Holiday Sales Won't Save This Retailer


Retail sales are important, simple as that. Investors, take note: You have an advantage if you understand what the consumer is doing before anyone else in the market does. Strong reports for retail sales are favorable for stocks and bearish for the bond market. I'm especially interested in sales figures over the holiday season to give insight on how 4Q numbers could shape up for retailers.

While the numbers are up abroad, department stores seem to be lagging behind, with Macy's (NYSE: M) and Kohl's (NYSE: KSS) reporting same-store sales declines of 1% and 5.6%, respectively, in November. Let's take a look at survey trends that should worry department stores hoping for a strong ending to the holiday season.

Digging into the numbers
The National Retail Federation released a survey last Thursday that highlighted some negative trends.
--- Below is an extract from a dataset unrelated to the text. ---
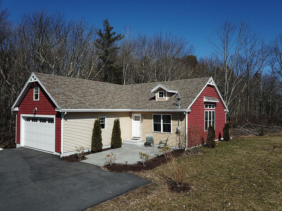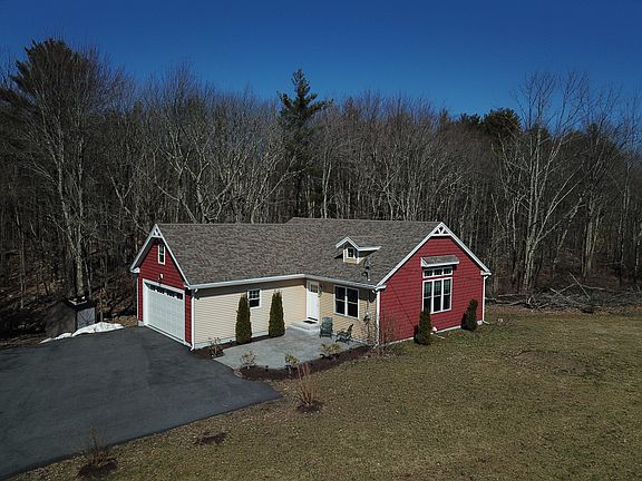 Neat as a pin, cute as a button this contemporary ranch is no cookie cutter home. The paved drive leads to a stamped concrete patio then directly into the open concept kitchen living and dining room. There you will find tall windows reaching towards the cathedral ceilings and wood beams. The kitchen amenities include Corian counter tops, bronze farmers sink and window view of the adjacent brook. Well planned cabinet space will impress you with a large pantry cabinet and oversized island with a built in mixer lift. Down the hall is a full bath which serves guests and housemates while the primary suite offers its own full bath and walk in closet. Turn towards the garage and you find even more closet space and the washer dryer hookup. Wood ceilings help set the tone in this unique home. Set back off the road we have a large front yard with acres of additional land in the back.

  • 11.3% of shoppers have already finished shopping for the holidays, an increase from 7.6% this time last year.

  • Those still shopping have completed 57% of their holiday purchasing, the highest percentage in the survey's 10-year history.
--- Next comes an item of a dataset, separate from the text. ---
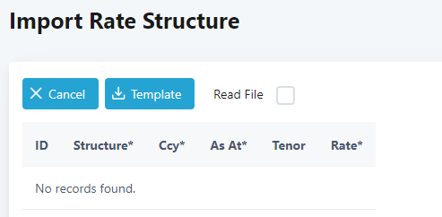 1. From the Maintain Rate Structure screen, click Action and select New, then click Import. The Import Rate Structure screen will be displayed.
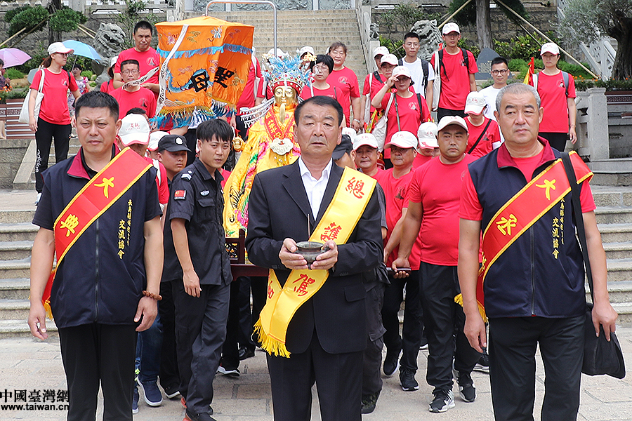 中國(guó)臺(tái)灣網(wǎng)9月12日臺(tái)北訊 (記者 何建峰)山東長(zhǎng)島顯應(yīng)宮千年媽祖金身日前結(jié)束了在媽祖故鄉(xiāng)——福建湄洲的省親活動(dòng),12日乘坐輪渡抵達(dá)臺(tái)北,開(kāi)啟了為期13天的赴臺(tái)結(jié)緣會(huì)親活動(dòng)。

  • 11.2% of shoppers responded that they hadn't started holiday shopping yet, compared to 16.5% last year.

This shouldn't be a surprise. Every year, we've watched as retailers compete with one another to have the earliest deals to entice the Black Friday crowd. With two very important weeks of retail shopping left, stores face a tough task of luring consumers back to save their holiday season. Let's check into three department stores and see how they're battling for consumer spending.

J.C. Penney struggles
J.C. Penney (NYS: JCP) sales have plummeted 26.1% in comparable store sales for the 3Q. It's struggling on all fronts, with Internet sales decreasing 37.3% from last year. One reason for Penney's struggles has been the competition and success of other department stores such as Macy's and Kohl's.

Macy's has beaten analyst expectations for the last six quarters in a row and has given management confidence that it can finish the year with strong top-line growth, raising guidance for yearly EPS by $0.05. Macy's is giving Penney's a lot of competition for clothing sales, and is much more confident in sales figures going forward. To maximize its profits for the last-minute shoppers, it's extending store hours so that it will be open for the last 48 hours on the last weekend before Christmas.

Kohl's is doing its best to attract more customers from a different angle. It's offering a hassle-free return policy, where customers with receipts are eligible for a full refund and those without receipts can get credit toward anything in the store. Kohl's will stand by the sale at any store across the nation, and the move gives holiday shoppers a lot of incentive to purchase gifts there.

More online sales
Competition is tough among department stores with sales promotions and discounts. Not only does Penney's face competition from Macy's and Kohl's and other brick and mortar operations, but also from online juggernauts Wal-Mart (NYSE: WMT) and (Nasdaq: AMZN) . For the first time, more than half of shoppers say they will use the Internet for gift buying this season, the highest on record. The latter online retailers also extended free shipping an extra day -- guaranteed to arrive by Christmas -- to Dec. 18. This season, online sales are up 13% to $29.3 billion, and isn't a trend likely to switch into reverse. Look for Wal-Mart and Amazon to continue to take sales from such brick-and-mortar stores as Penney's.

Identity crisis
In addition to awful sales numbers and fierce competition, Penney's has been having an identity crisis of late by completely changing its strategy from big advertised sales to everyday low prices. This strategy hasn't been well received by consumers or investors, and it seems Penney's is backing off by offering advertised sales.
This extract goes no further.